I'm analyzing Illumina RNA-Seq data from three FADS1 knockout mice and three wild types. After running cuffdiff on the six samples, I see in genes.read_group_tracking that:
$ egrep "tracking_id|Fads1" genes.read_group_tracking | column -t | less -S
tracking_id condition replicate raw_frags internal_scaled_frags external_scaled_frags FPKM effective_length status
Fads1 null 0 1 0.880439 0.880439 0.0142817 - OK
Fads1 null 1 1 1.09692 1.09692 0.017661 - OK
Fads1 null 2 0 0 0 0 - OK
Fads1 wt 0 347 331.474 331.474 5.38128 - OK
Fads1 wt 1 251 246.101 246.101 3.96235 - OK
Fads1 wt 2 156 167.516 167.516 2.69709 - OK
yet in genes.fpkm_tracking and gene_exp.diff I see:
$ egrep "tracking|Fads1" genes.fpkm_tracking | cut -f 1,10-20 | column -t | less -S
tracking_id null_FPKM null_conf_lo null_conf_hi null_status wt_FPKM wt_conf_lo wt_conf_hi wt_status
Fads1 0.0106476 0 0.0303051 OK 4.01357 2.80322 5.21247 OK
$ egrep "q_value|Fads1" gene_exp.diff | cut -f 1,5-15 | column -t | less -S
test_id sample_1 sample_2 status value_1 value_2 log2(fold_change) test_stat p_value q_value significant
Fads1 null wt OK 0.0106476 4.01357 8.55822 4.1466 0.2495 0.999688 no
Where it seems like the confidence intervals are clearly separated, yet the P-value is much higher than my intuition would expect. Any ideas of things to check?

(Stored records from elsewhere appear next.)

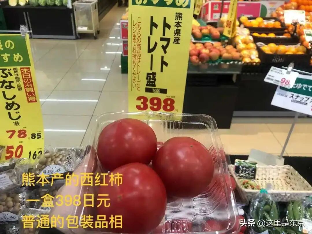 熊本产的西红柿,包装品相普通,一盒398日元。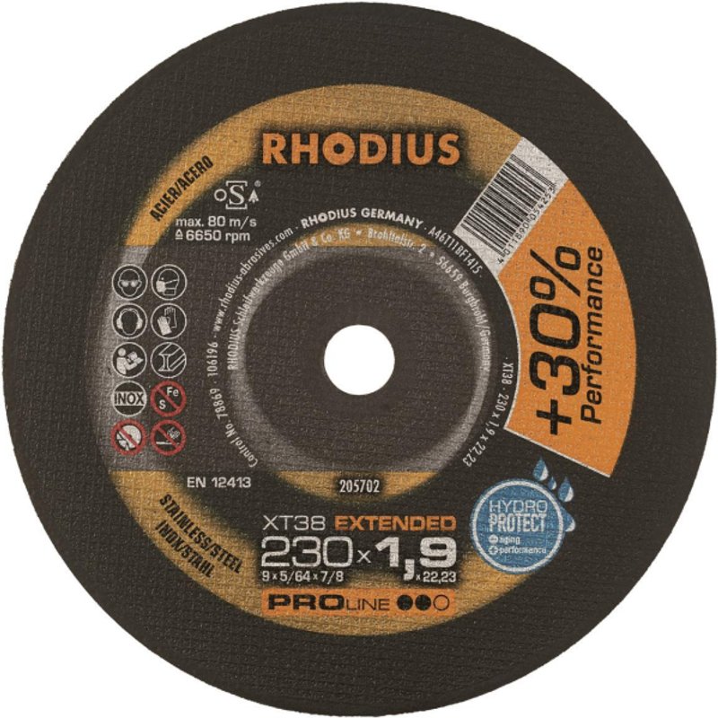 Extradünne Trennscheiben XT38 Edelstahl Extradünne Trennscheibe mit hoher Standzeit bei optimalem Preis-Leistungs-Verhältnis. Ideal für antriebsschwache Maschinen. Geringe Gratbildung Hohe Schnittgeschwindigkeit Geringer Funkenflug Eigenschaften: Lebensdauer:4/6 Schnittigkeit Vollmaterial:4/6 Schnittigkeit dünnwandiges Material:5/6 Qualität:Proline Stärke:1,9mm Materialeignung:Edelstahl / Stahl Sicherheitshinweise:Eisen- und Schwefelfrei Geschwindigkeit:80 m/s Maschineneigung:Freihandwinkelschleifer Produktabmessung:230 x 1,9 x 22,23 Maximale Drehzahl:6650 U/min - Install.Baumaterial Werkzeug Messgeräte Werkzeug - Rhodius Trennscheiben XT 38 205702 230x1,9x22,23 Extradünn Edelstahl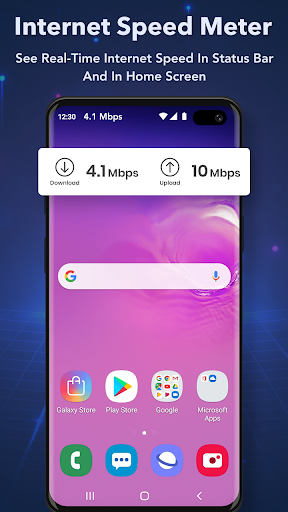 Internet Speed Meter displays your internet speed in status bar and shows the amount of data used in notification pane. This helps you to monitor network connection anytime while using your device.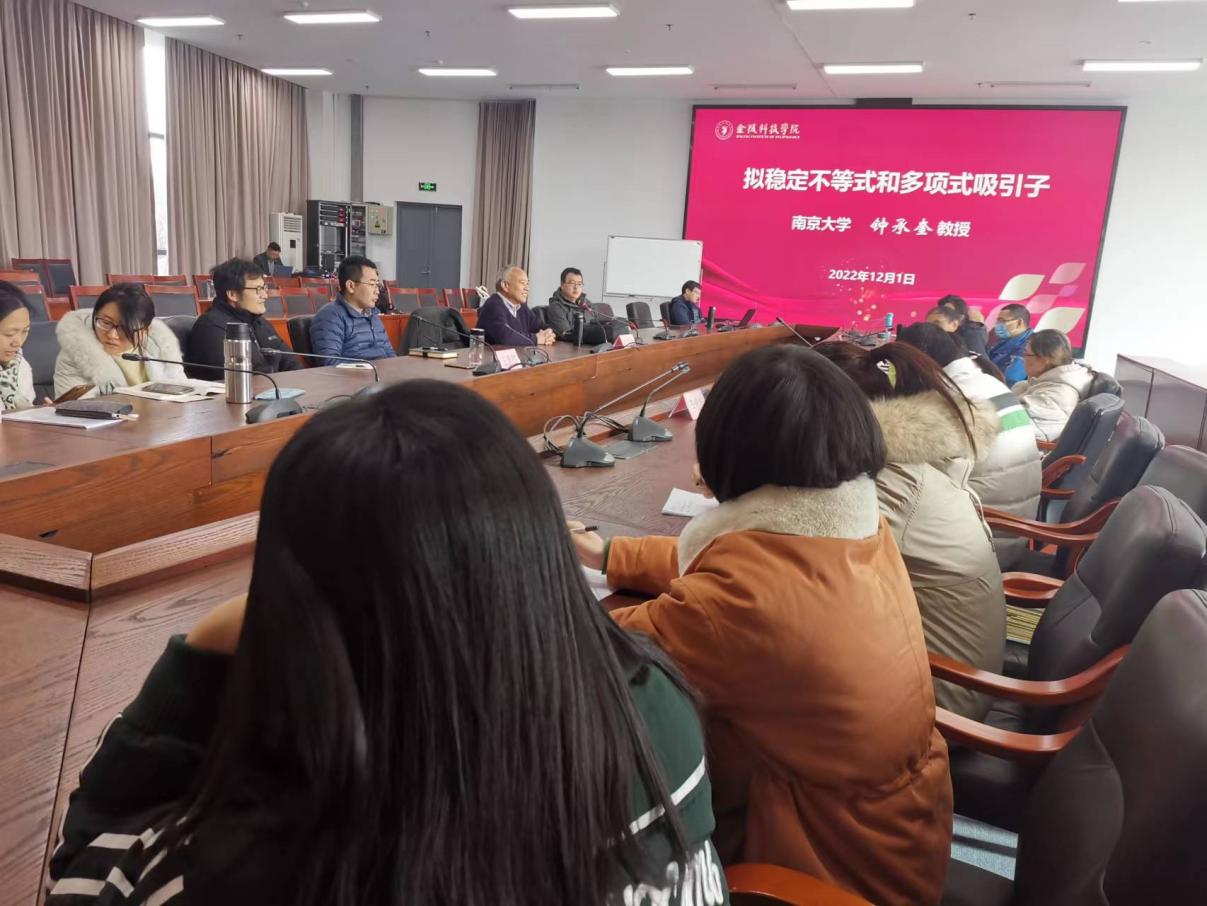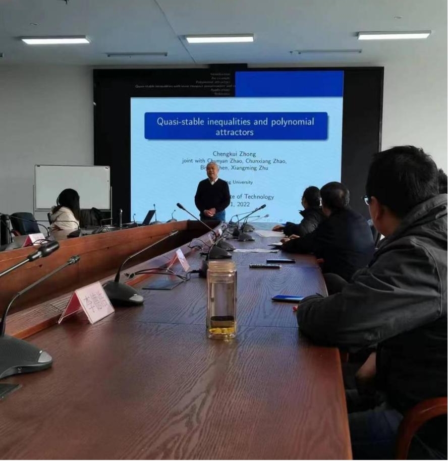12月1日,南京大学博士生导师钟承奎教授应理学院邀请来校作题为《Quasi-stable inequalities and polynomial attractors》的学术报告,并就基金申报等方面与参会教师举行了座谈。学术报告由理学院院长张国印主持,数学系师生和数学教研室教师参加了报告会。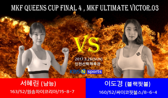 박상아(성남칸짐),김효진(TEM EMA)은 A조, 이도경(싸이코핏불스),서혜린(원송차이코리아)는B조에 각각 배당되었다. 이로서 A조 승자와 B조 승자가 결승에서 만나게 되며 최종 승자가 MKF QUEENS CUP을 가져가게 된다.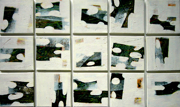 grüner vogel und weißes loch 15 teile je 15x15 cm öl/lwd.2012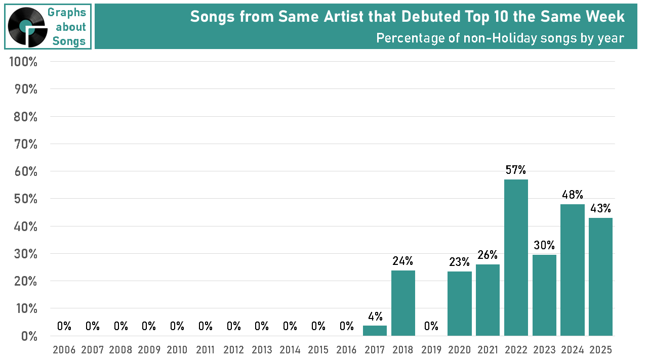 3)) Around 2018, artists begin debuting multiple songs simultaneously in the Hot 100’s Top 10.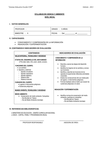 Este documento presenta el syllabus de Ciencia y Ambiente para el nivel inicial de 5 años en 4 bimestres. Cada bimestre incluye contenidos sobre el cuerpo humano, el medio ambiente, seres vivos y no vivos, y el universo. Los estudiantes desarrollarán capacidades de conocimiento y experimentación relacionadas a estos temas.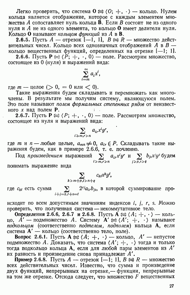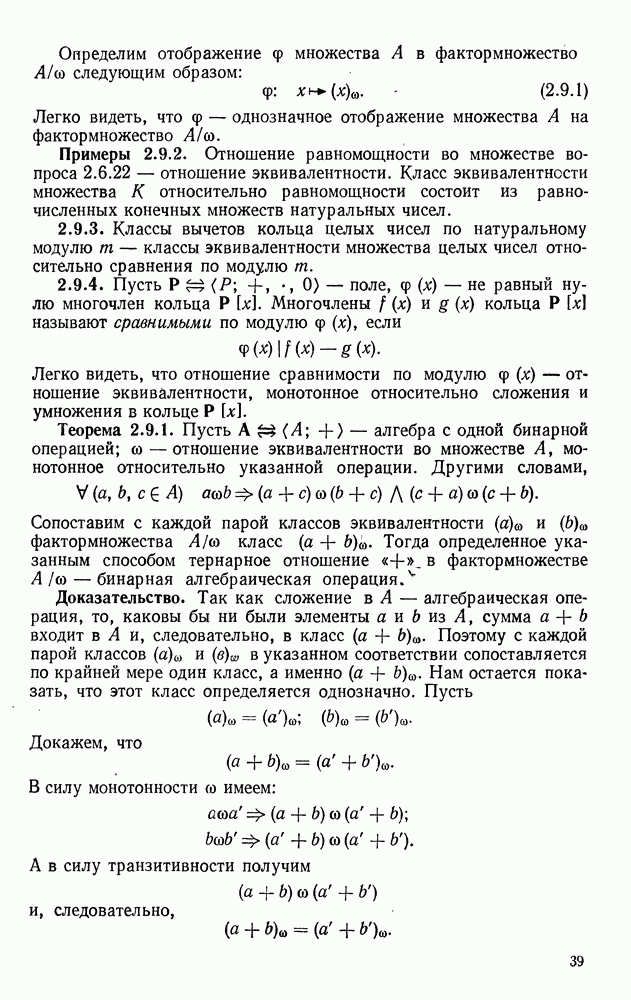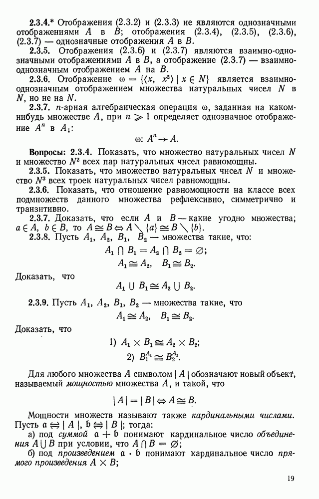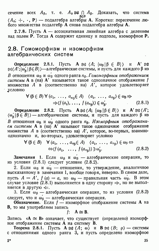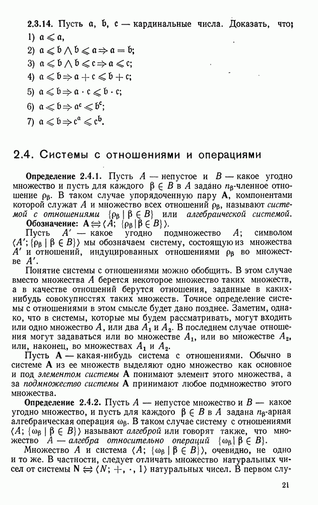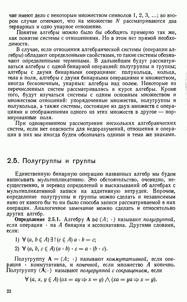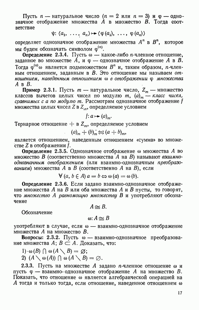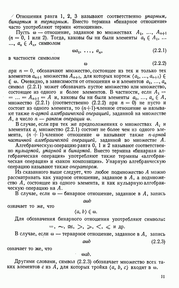 при В случае, если при тех же предположениях о множествах А? и элементах а? множество (2.2.1) состоит не более чем из одного элемента, Алгебраическую операцию ранга 0, 1 и 2 называют соответственно нульарной, унарной и бинарной. Вместо термина «бинарная алгебраическая операция» употребляют также термины «алгебраическая операция» и «закон композиции». Унарную алгебраическую операцию называют также оператором. Из сказанного выше следует, что любое подмножество В случае, если

For completeness the cuffdiff command was: cuffdiff -p 12 -o ./analysis/FADS1/cuffdiff -b /mnt/data1/refs/igenomes/Mus_musculus/UCSC/mm10/Sequence/WholeGenomeFasta/genome.fa -L null,wt /mnt/data1/refs/igenomes/Mus_musculus/UCSC/mm10/Annotation/Genes/genes.gtf <bams,from,null> <bams,from,wt>
I noticed a similar problem....did you solve this yet? Thanks!
We used edgeR and it seemed to detect the gene as DE without any problems. I don't have the p-value off-hand though.